The following report was originally written and published by Michael Stritch, CFA, Chief Investment Officer and National Head of Investments, BMO Wealth Management – U.S. For more information on BMO Wealth Management, click here.
After a few months of relative calm, the past few days have provided an ample reminder of the fragile political reality in Italy. The fourth1 largest member of the European Union (E.U.) has reasserted itself as one of the preeminent long-term risks to the broader European economy and markets.
Ten years after the financial crisis, and six years since the European sovereign debt crisis, Italy remains (on a relative basis) stuck in the economic mud. Real GDP is well below the pre-crisis peak, and unemployment still hovers near 11%. It is against this backdrop that Italian politicians and citizens alike have begun to direct more blame towards the fixed currency requirements, strict fiscal controls, and immigration policy of the E.U.
As stated previously, this populist trend was confirmed in the recent general elections. While no group won an outright majority, the anti-establishment Five Star Movement (M5) and Eurosceptic league parties emerged as two new political forces. We speculated this outcome would eventually lead to market volatility, and that reality was achieved last week when the incoming government finally put forth formal recommendations for key leadership positions. The economic ministry pick was especially controversial given the choice, economist Paolo Savona, has previously been a vocal critic of the single European currency. As a result, President Mattarella vetoed the selection by maintaining the candidate’s anti-E.U. views did not align with the more moderate campaign pledges made by both the League and M5 this winter. President Mattarella instead appointed former IMF official, Carlo Cottarelli as interim prime minister and he intends to present a “neutral” cabinet. The next step is a confidence vote in parliament and if, as expected, the majority votes no confidence then Cottarelli has promised to hold new elections in the fall. Should that happen, it is likely that Italy’s E.U. membership terms will be a focal point of the vote. News of these events sent a tremor through Italian political circles, and unnerved the broader global markets as well.
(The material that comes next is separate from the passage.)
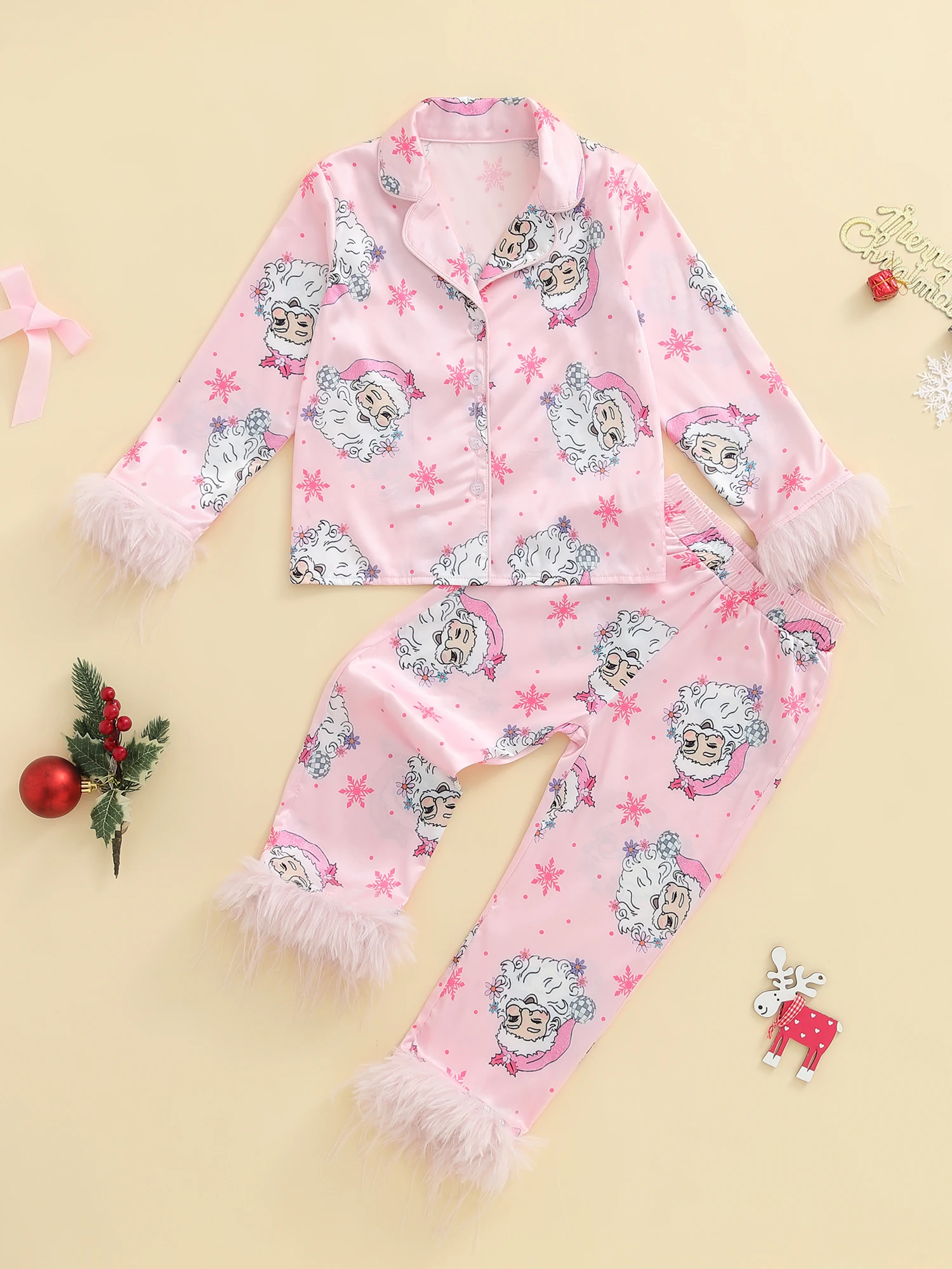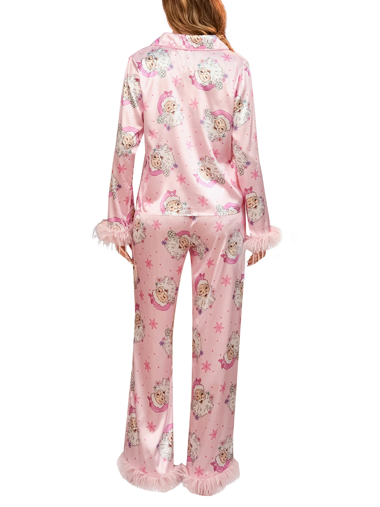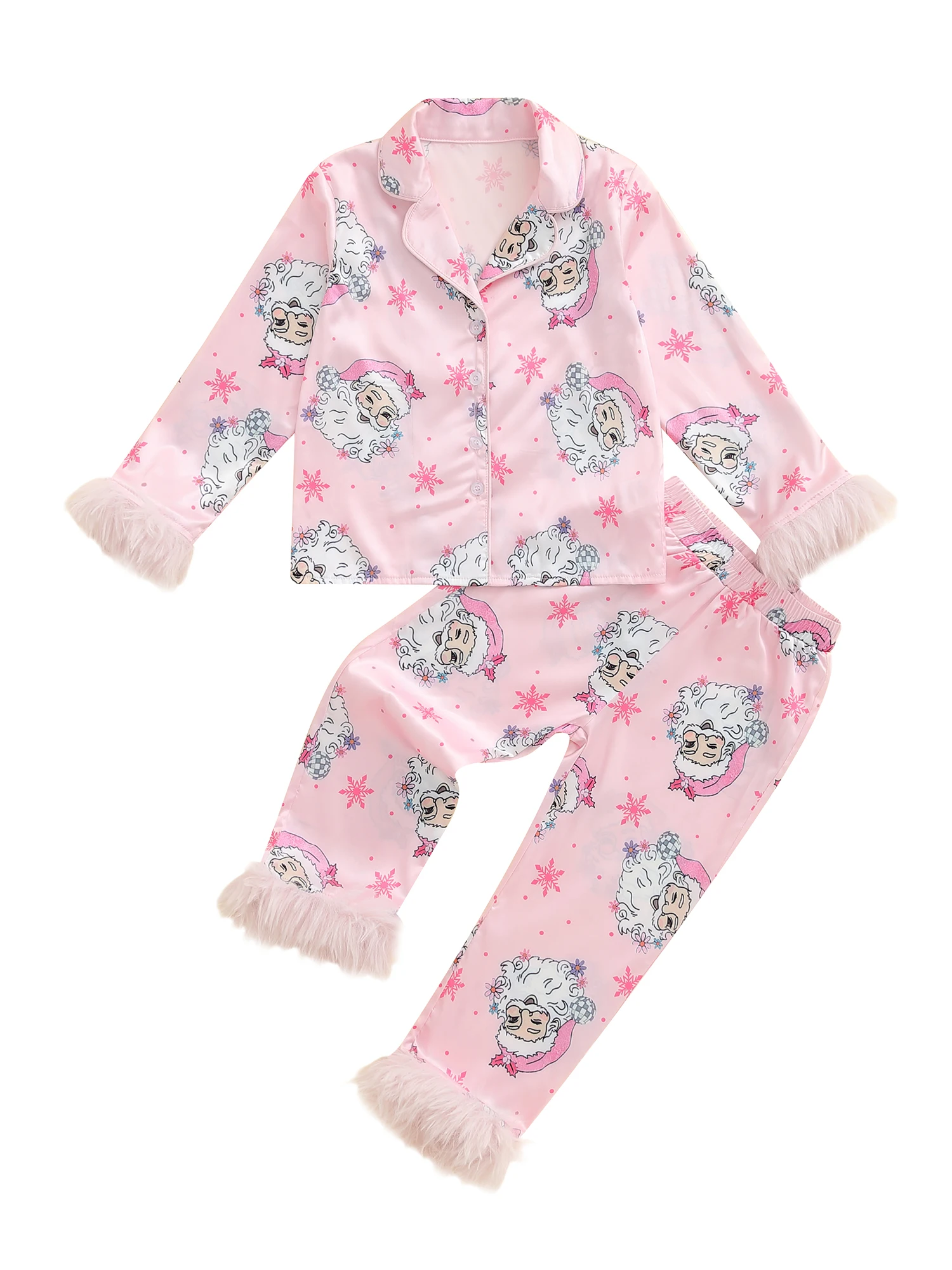 Mommy and Me Matching Pajamas Santa Print Button Down Long Sleeve Lapel Tops Pants Family Christmas Satin Sleepwear
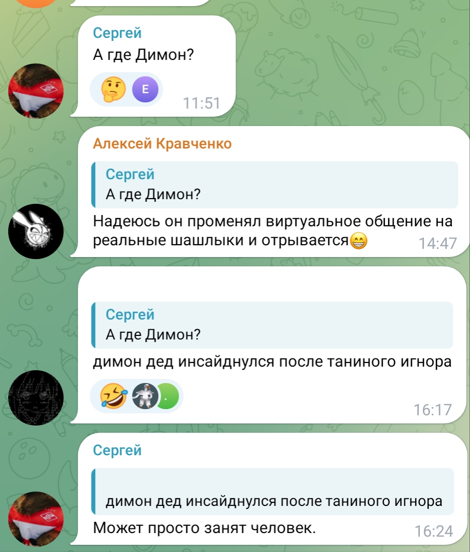Жалко Димона, я раньше таким же Димоном был только у стримерши на твиче, донатил больше, чем получал в месяц, тратя сбережения. Как ни вспомню, в голове кринж до мозга костей, что-то вроде эмоциональной травмы. С ума сходил, когда внимание не получал, я все еще помню тот день, когда это все закончилось и я просто с облегчением вздохнул. Никому не желаю быть Димоном.. Живите реальностью, а не людьми с интернета

While more uncertainty lies ahead over the next few months, we think an “Italexit” seems unlikely and the new government will ultimately back down from many of its more populist proposals. Polls show a majority of Italians still favor E.U. membership though, candidly, at a lower percentage than other European nations. In addition, we expect European economic activity to recover after a Q1 slump worsened by poor weather, holiday timing and a bad flu season. This should provide a marginally improving backdrop for Italian businesses and workers. Ultimately, however, it will be the bond market that may force the M5 / League coalition to take a more somber tone. In the past few days alone, Italian bond yields relative to German debt (a key risk proxy) have soared to levels not seen since 2014. While not to the heights of the European debt crisis, this sharp spike reminds us that the market moves much more quickly than political agendas. Not only will rising rates hurt the Italian economy, but Italian treasury bonds make up a significant portion of the capital supporting the country’s financial institutions. A dramatic bond selloff, therefore, could drive Italian banks towards insolvency. This would, of course, severely undermine any attempts by the new government to improve financial conditions.
At this point, we are not altering our non-U.S. equity positions, but will be monitoring the situation closely. Expectations for a growth rebound, relatively attractive valuations, and the prospect that the European Central Bank could take a more dovish turn in support of any further contagion all suggest investors stay the course. We acknowledge, however, that risks have risen and if the Italian political landscape looks poised to weigh down economic prospects in the region, we would consider an adjustment in our stance.
1The U.K. is slated to leave the EU formally in 2019.